Memorial Hermann signed the deal to buy the system from Baltimore-based VISICU Inc in 2003. The system was scheduled to have reached 100 beds in three hospitals by February, about a year after installation began. By full deployment, scheduled for the end of 2006, the eICU will monitor all 276 acute care beds in the hospital system. Memorial Hermann claims to have the only system of this kind in Texas.

The cost of the eICU—the hardware, software, and network installation—will reach about $6.5 million, Dr Weavind estimates. This does not include the system’s operating costs, the staff’s salaries, or the training required for the eICU staff and the on-site care providers. Neither physicians nor patients are charged for the system. Instead, Memorial Hermann pays for it as a “patient safety initiative,” Dr Weavind says.

The system has been well worth the cost, based on the “remarkably impressive” anecdotal evidence in the system’s first year, she says. The system seems to be preventing emerging problems from becoming complicated, costly, and even tragic.

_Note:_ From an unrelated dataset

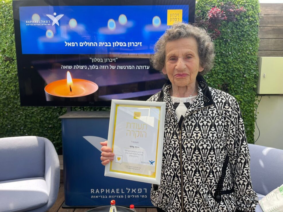 אתמול (17.04), ערב יום הזיכרון לשואה ולגבורה מסרה ניצולת השואה רוזה בלוך את עדותה במסגרת מפגש זיכרון בסלון שהתקיים על גג בי״ח ׳רפאל׳.

For example, Dr Weavind cites how the system has helped physicians diagnose cases of Heparin-induced thrombocytopenia syndrome. The eICU software can display trends in platelet counts graphically, making it easier to see precipitous drops than by looking at rows of numbers. If the platelets drop, physicians have a means to establish an early diagnosis, especially because the software “knows” whether a patient experiencing a platelet drop is taking Heparin. In one case, a patient did not have to lose the limb because the eICU allowed for quick intervention.

Saving an arm—regardless of the cost—is always a good outcome, but it also is good business. “Insurance companies are very wary and looking into secondary adverse events that occur with patients in the ICUs,” Dr Weavind says. “One of the roles of the eICU is to constantly monitor our critically ill patients in an attempt to prevent or ameliorate these adverse events.” That’s worth a try.